Both methods ensure memory efficiency while handling datasets that may not fit into memory.


In [1]:
# Importing necessary libraries
import pandas as pd
import os
import glob
import numpy as np
from tqdm import tqdm

## Batch Processing Large CSV Files


This function processes a large CSV/TSV file in smaller batches, removes unnecessary columns, 
and combines the processed data into a final output file. Temporary files are created during processing 
and are deleted after the final result is saved.


In [2]:
def process_large_csv_in_batches(
    file_path, 
    columns_to_drop, 
    batch_size=10000, 
    output_folder='temp_batches', 
    final_output='final_data.pkl',
    sep='	'
):
    """
    Processes a large CSV file in batches.

    Parameters:
    - file_path (str): Path to the input CSV/TSV file.
    - columns_to_drop (list): List of column names to drop from each batch.
    - batch_size (int): Number of rows to process in each batch.
    - output_folder (str): Temporary folder to store processed batches.
    - final_output (str): Path to save the final combined output.
    - sep (str): Delimiter used in the CSV/TSV file.
    """
    # Create a temporary folder for batch storage
    os.makedirs(output_folder, exist_ok=True)

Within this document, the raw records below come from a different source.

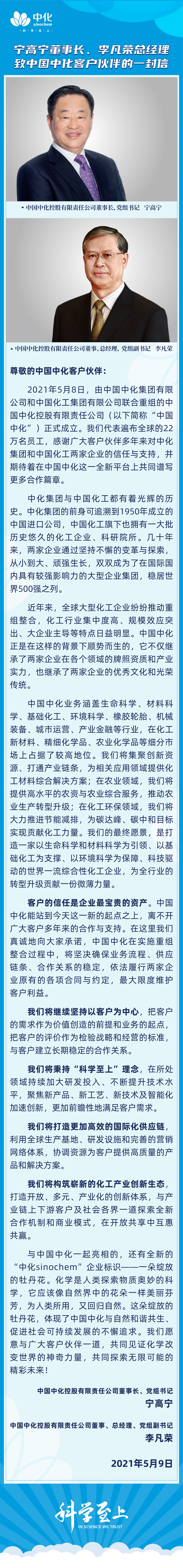 寧高寧董事長、李凡榮總經(jīng)理致中國中化客戶伙伴的一封信
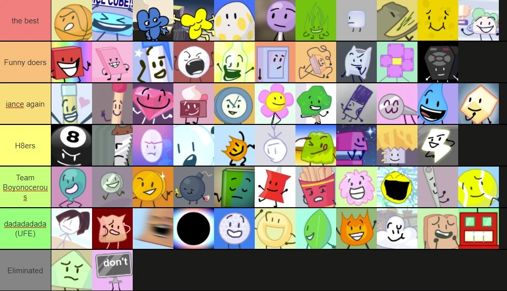 BFDI(A)/BFB/TPOT Characters (Mawilite's icons) Tier List (Community ...
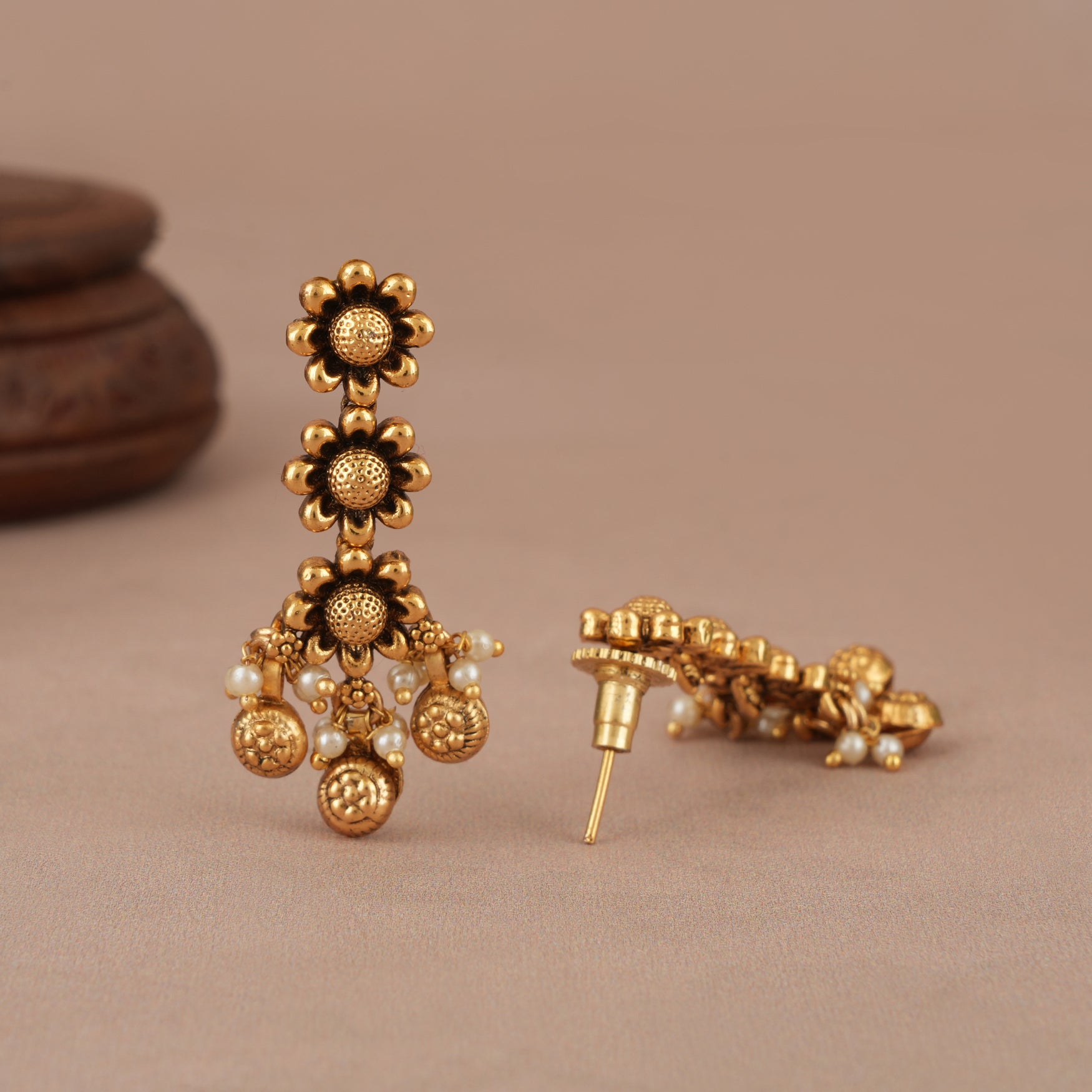 Cute floral antique gold choker necklace set are show-stopping and come in traditional Indian design with gold plating and handwork.
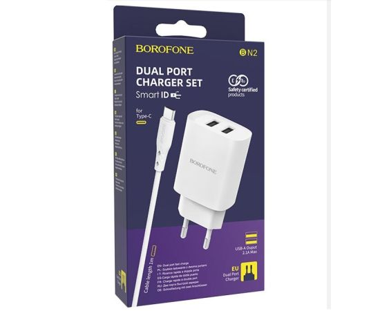 Сетевое зарядное устройство 2USB 2.1A в комплекте с дата-кабелем Type-C Borofone BN2 1м (White)
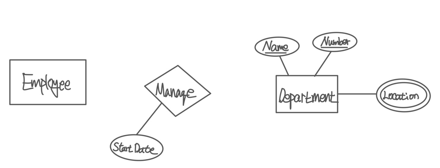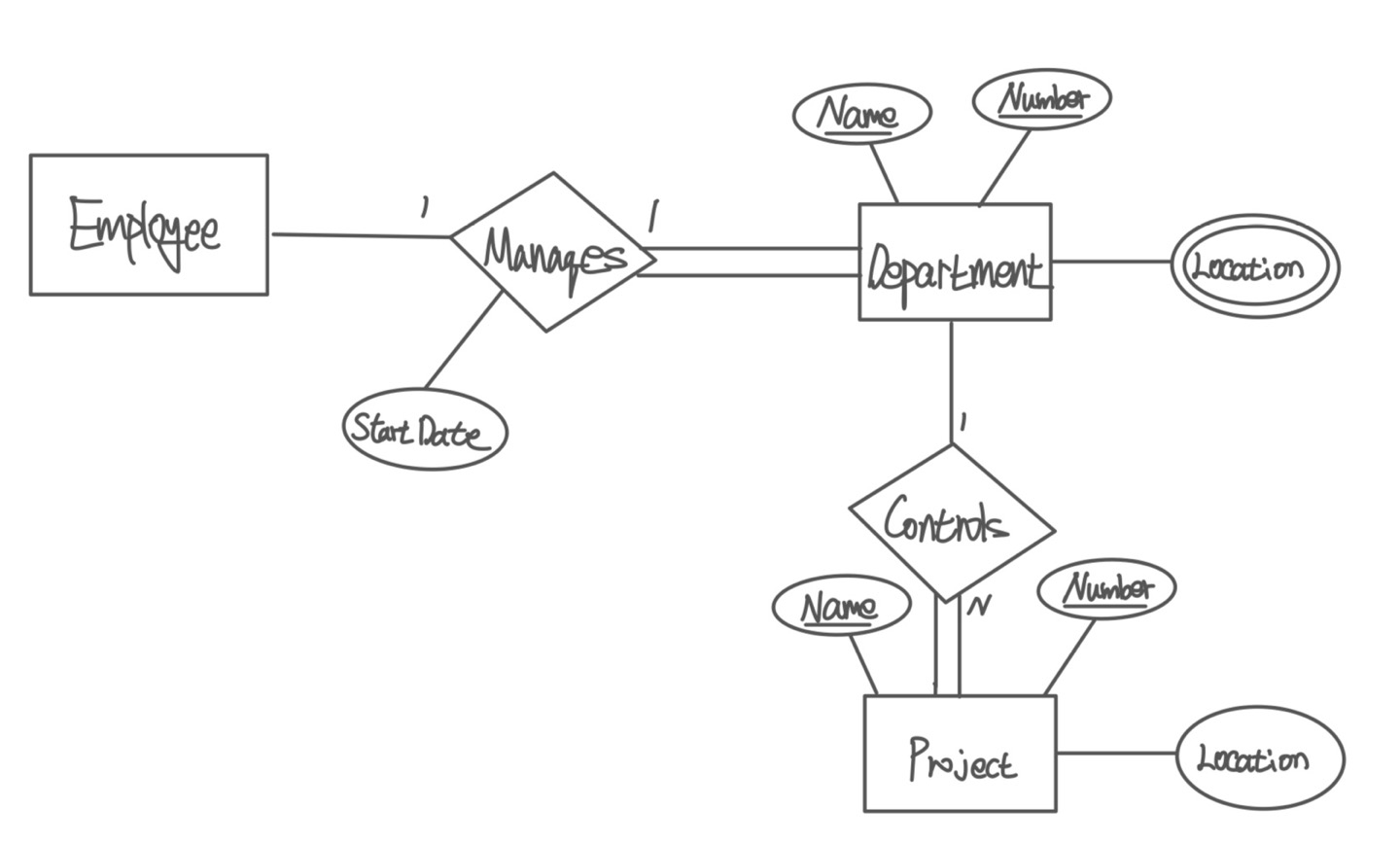 앞서 사원과 부서의 관리하는 관계를 정의 해 보면, 부서는 관리하는 사원이 없으면 안되므로 Total Participation이며, 모든 사원이 부서를 관리하지는 않기에 Partail Participation이다. 그리고 각 부서마다 부서를 관리하는 특정 사원이 있으므로 1:1 관계임을 유추할 수 있다.
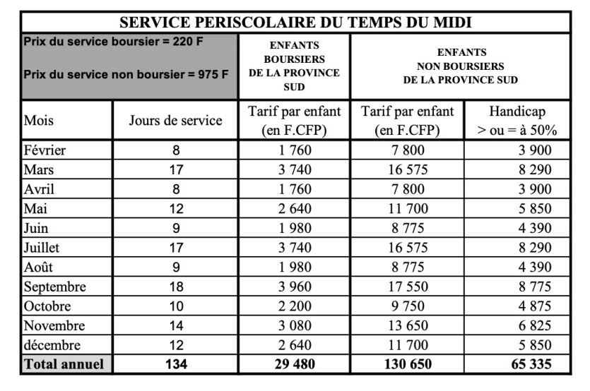 Photo Ville de PaïtaPour les 134 repas, la mairie de Païta facture 125 000 F à l’année pour un enfant, et 50 000 F pour les 159 jours de garderie.

    # Initialize batch counter
    batch_count = 0
    
    # Load the file in chunks
    for chunk in tqdm(pd.read_csv(file_path, sep=sep, chunksize=batch_size), desc="Processing Batches"):
        # Remove specified columns
        chunk = chunk.drop(columns=columns_to_drop, errors='ignore')
        
        # Save the processed batch to a pickle file
        batch_file = os.path.join(output_folder, f'batch_{batch_count}.pkl')
        chunk.to_pickle(batch_file)
        
        # Clear memory
        del chunk
        
        # Increment batch counter
        batch_count += 1
        print(f"Batch {batch_count} processed and saved.")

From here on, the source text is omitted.